Forces and Motion Flashcards
Explain distance-time graphs?
Time on the x-axis, distance on the y-axis.
Gradient shows speed, if it is curved it is accelerating, if it is flat it is stationary, if there is a straight line (not flat) it is moving at a constant speed.
Relationship between speed, distance and time?
speed = distance/time
Practical: investigate the motion of everyday objects such as toy cars and tennis balls?
- Set up two light gates 0.5m apart
- Select a (tennis ball) and measure and record its diameter
- Roll it through both gates
- Record the time it took to go through each gate and the time it took to travel between gates to calculate speed and acceleration
The relationship between acceleration, change in velocity and time
taken?
acceleration= change in velocity/time taken a = (v-u)/t
Explain velocity−time graphs?
Time on the x-axis, velocity on the y-axis.
Gradient is acceleration, if the line is flat then it is moving at a constant speed, if it is straight (not flat) then it is accelerating at a constant rate, if it is curved then it not accelerating at a constant rate - a tangent to the curve can be taken.
The area under the graph = distance travelled
Use the relationship between final speed, initial speed, acceleration and distance moved?
(final speed)^2 = (initial speed)^2 + (2 × acceleration × distance moved)
v^2 = u^2 + (2 × a × s)
Three ways that forces can effect objects?
Changing shape, changing speed, changing its direction of motion
How do vector and scalar quantities differ?
Scalar describes magnitude, e.g. size, speed.
Vector describes magnitude and direction. e.g. velocity, displacement. Force is a vector quantity.

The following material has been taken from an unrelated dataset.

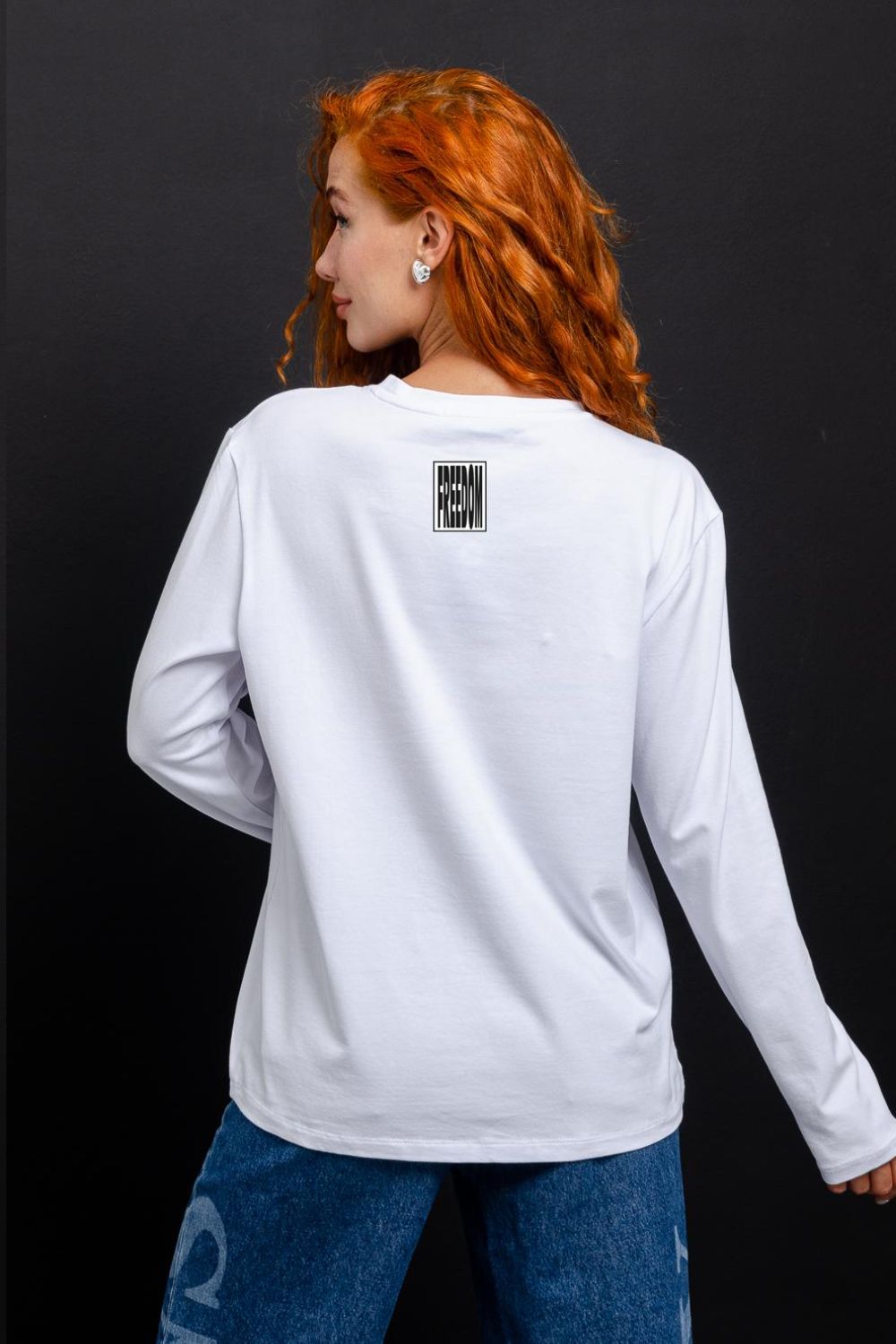 8513 Футболка с длинным рукавом женская - белый+Freedom

How to calculate resultant force along a line?
If forces are in the same direction they are added together, if they are in different directions then you must find the difference.
How do resultant forces cause an object to act?
If there is a unbalanced resultant force on an object it will accelerate in the direction of the resultant force. If the forces are balanced then a stationary object (weight = normal contact force) will remain stationary. If the object is moving then it will continue to move in the same direction.
What is friction?
A force that opposes motion
What is the relationship between unbalanced force, mass and acceleration (Newton’s Second Law of Motion)?
force = mass x acceleration
Acceleration is proportional to the resultant force
Relationship between weight, mass and gravitational field strength?
weight = mass x gravitational field strength W = mg
How to calculate stopping distance?
stopping distance = breaking distance + thinking distance
Factors affecting stopping distance?
Breaking distance: water on the road reduces friction, speed, mass
Thinking distance: Alcohol, tiredness, distractions
Factors affecting stopping distance?
Breaking distance: water on the road reduces friction, speed, mass, poor brakes
Thinking distance: Alcohol, drugs, tiredness, distractions
How to calculate thinking distance?
thinking distance = speed x reaction time
Describe the forces acting on falling objects (and explain why falling objects reach a
terminal velocity)?
Skydiver analogy:
- When the skydiver jumps out the plane weight is much greater than air resistance, so they accelerate.
- As they accelerate, air resistance increases.
- Eventually they reach a constant speed as air resistance has increased to equal weight. This is called terminal velocity.
- As the parachute is opened air resistance increases dramatically due to an increase in surface area, so a new, lower terminal velocity is reached.
Practical: investigate how extension varies with applied force for helical springs, metal
wires and rubber bands?
- Set up a retort stand with a ruler clamped vertically in place
- At the top of the stand attach the helical spring
- Measure the position of the bottom of the spring on a ruler (L_0)
- Add a 1N weight to the bottom of the spring
- Measure the new position of the bottom of the spring (L_1)
- Calculate the extension of the spring by doing L_1 - L_0
What are the types of deformation?
Elastic deformation is when a change in shape is temporary and a shape returns to it s original shape after the force causing the deformation have been removed.
Inelastic or plastic deformation is permanent deformation.
(Paper 2) Relationship between momentum, mass and velocity?
momentum = mass x velocity p = mv
(Paper 2) Use the idea of momentum to explain safety features?
Safety features such as seatbelts are built to stretch, so if a sudden crash happens and a person is thrown forward the seatbelt stretches, so the person stops moving gradually, not suddenly. As the momentum decreases over a longer period of time, the force on the person decreases.
(Paper 2) Explain conservation of momentum?
Total momentum before the crash is the same as total momentum after the crash
mv + mv = total momentum before the crash
total momentum before the crash = total momentum after the crash
total momentum after the crash = mv + mv
(Paper 2) Relationship between force, change in momentum and time taken?
force = change in momentum / time taken F = (mv-mu) / t
(Paper 2) What is Newton’s Third Law?
Every action has an equal and opposite reaction.
i.e forces come in pairs that are equal in size, e.g. weight and normal contact force for an object on the table.
(Paper 2) Relationship between moment, force and perpendicular distance from the pivot?
moments = force x perpendicular distance from the pivot
(Paper 2) What is the centre of gravity?
All the weight of a body acts through its centre of gravity.
It is the point at which we can assume all of an objects mass is concentrated.
The centre of gravity for all regular objects is in its centre.
(Paper 2) How to find the centre of gravity for an object of irregular shape?
- Hang up the object
- Suspend a mass from the same place
- Mark the position of the thread
- Repeat steps one to three with the object suspended from a different place
- The point at which the two lines cross is the centre of gravity
(Paper 2) Explain forces on a beam?
The beam is not turning, so the moments to from the start to the end are equal to the moments from the start to the mass.
F1d1 = F2d2
F2 = F1d1 / d2